1638 Colonial American criminal case

The Dorothy Talbye Trial (d. 1638) is an early American example of execution of a mentally ill woman for murder, at a time when people with severe mental illness were treated the same as ordinary criminals. Talbye was hanged in 1639 for killing her three-year-old daughter. She claimed that God told her to do so.
Although Puritan Governor John Winthrop of the Massachusetts Bay Colony considered Talbye to be possessed by Satan, the penalty for murder was necessarily death.

==Circumstances==
Dorothy Talbye was a respectable member of the church in Salem in the Massachusetts Bay Colony who became increasingly melancholic, with fits of violence. Governor John Winthrop ascribed the woman's despondency to delusions or "trouble of mind", stemming from "falling at difference with her husband, through melancholy or spiritual delusions [ ...so that] she sometimes attempted to kill him, and her children, and herself, by refusing meat, saying it was so revealed to her..." through revelations he believes were from Satan. He described how church members tried to intervene.

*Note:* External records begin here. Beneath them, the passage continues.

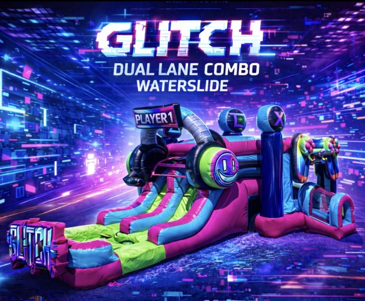 Rent the Glitch Gamer Dual Lane Combo Wet/Dry today and elevate your celebration with an unforgettable experience that will leave everyone talking!Glitch Gamer Dual Lane Combo Wet Dry Slide, with Gaming chair!
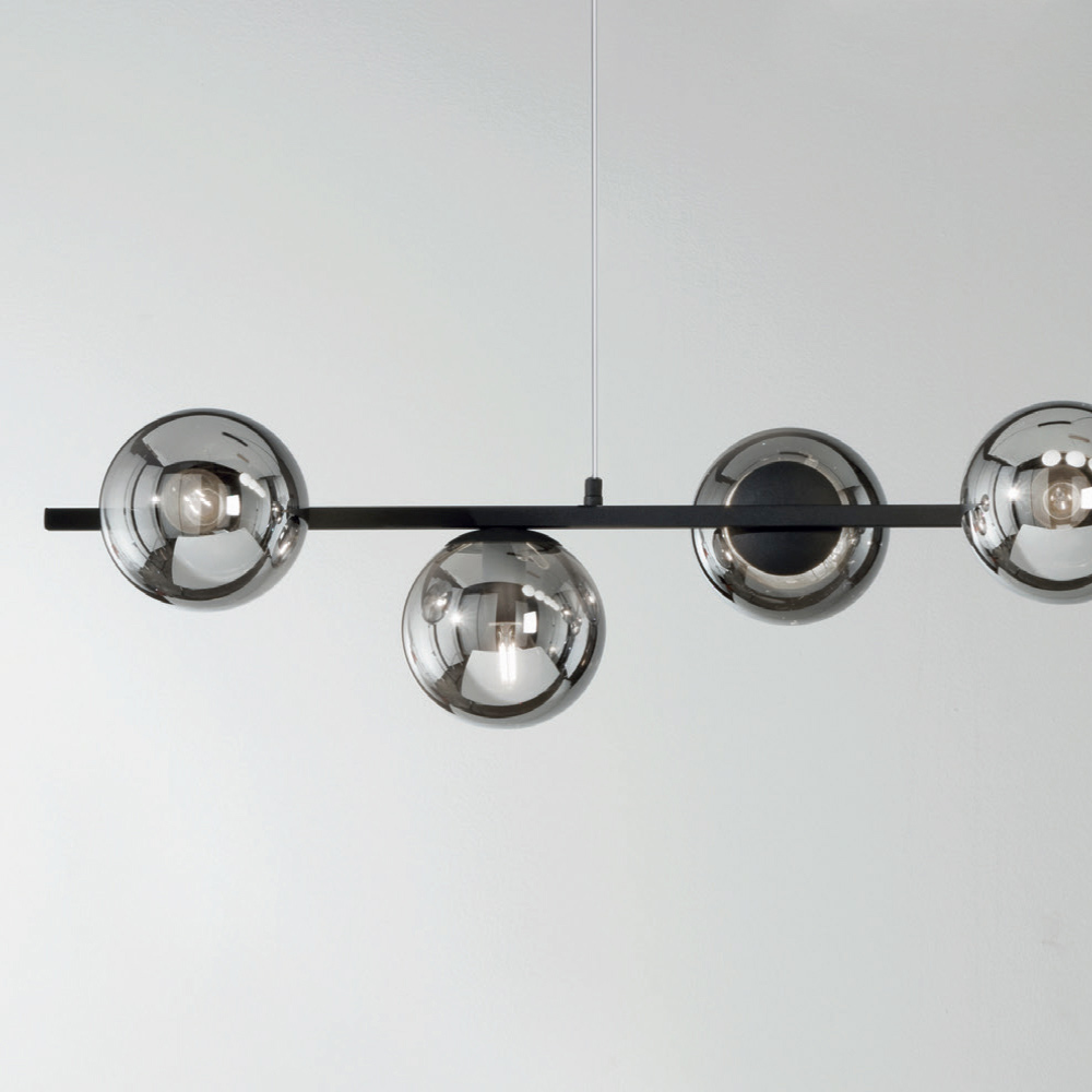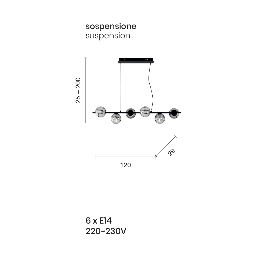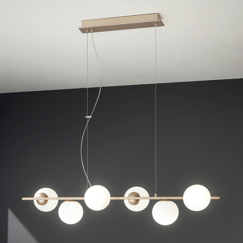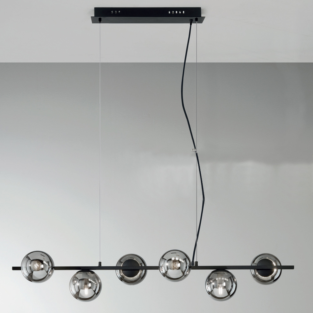 Pendellampe med 6 lys med metalstruktur og sfærisk
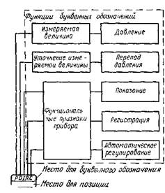 Буквенные обозначения располагают в определенном порядке слева направо. Сначала дают обозначение основной измеряемой или регулируемой величины, затем, в случае необходимости — обозначение ее уточняющее и далее — обозначение функциональных признаков прибора., Последние также располагают в следующем порядке: IRCSA.
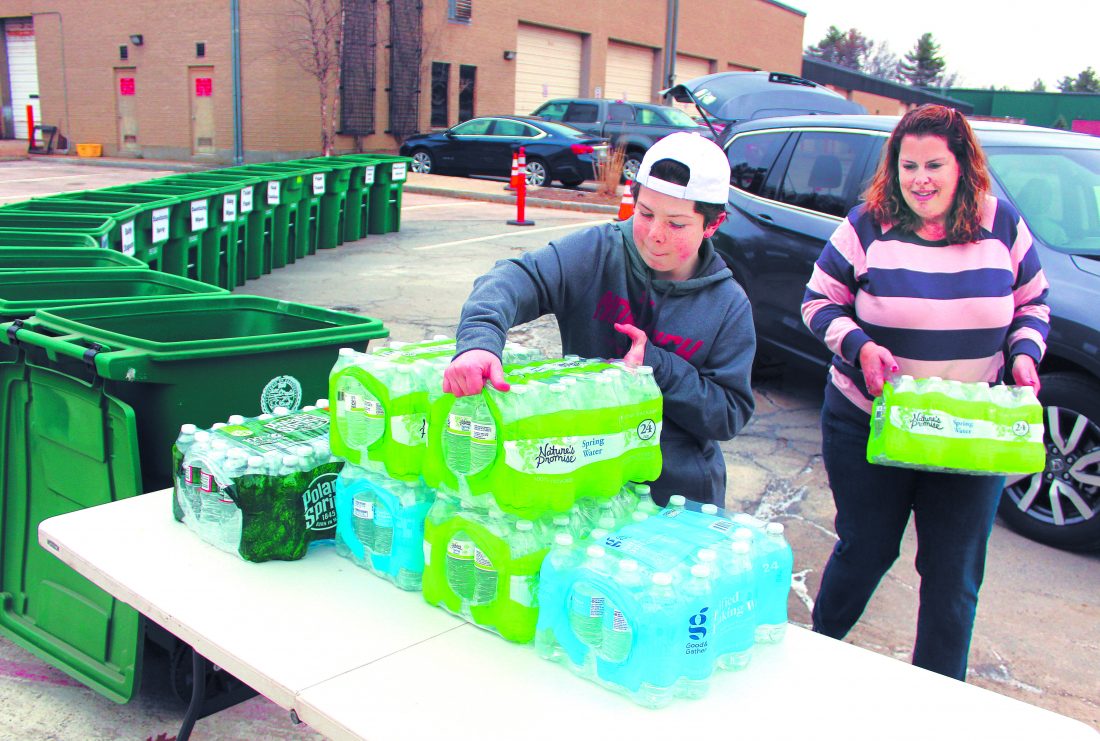 Jenna Tompkins and her son, Andrew Cullinane, load cases of bottled water onto a table at the Public Works Department's collection site, where residents donated goods ranging from water, paper items and protective gear to the city and various non-profit agencies. The donation station will be open today and Wednesday from 9 a.m. - noon. Telegraph photo by DEAN SHALHOUP

However, Talbye did not listen to admonitions by the church elders and was cast out of the church. She failed to appear before the Quarterly Court, as ordered in April 1637, for assaulting her husband. She was ordered to be bound and chained to a post until her behavior changed. In July 1637 she was publicly whipped for other infractions against her husband. Although she seemed to improve for a while, Talbye again fell into a state of despair.

In November 1638, she killed her daughter, Difficulty, by breaking her neck. Talbye freely confessed later to this act and was charged with murder.
At her trial Talbye was uncooperative, refusing to speak until Governor Winthrop threatened to pile stones on her chest, at which point she pleaded guilty. She refused to repent at her trial or before her execution. Remaining uncooperative, she actively fought her execution. She removed the cloth covering on her head and put it under the noose to lessen the pain and, even as she was swinging from the noose, she attempted to grab at a ladder to save herself.

==Significance==
In 1637, American colonial law regarding murder followed English common law, the basis of which was essentially biblical. The Bible said that the punishment for murder was death. Massachusetts law followed Exodus, Leviticus and Numbers, which offered no alternative. Any person killing another in "anger or cruelty of passion" shall be put to death. Massachusetts's common law made no distinction between insanity and criminal behavior. The only legal punishment applicable to Dorothy Talbye was death.

In 1641, the Massachusetts Body of Liberties was written as a first step to developing a body of law for the Massachusetts Bay Colony. It codified the following, giving some allowance for special situations, although it may not have helped Dorothy Talbye: "Children, Idiots, Distracted persons, and all that are strangers, or new comers to our plantation, shall have such allowances and dispensations in any cause whether Criminal or other as religion and reason require."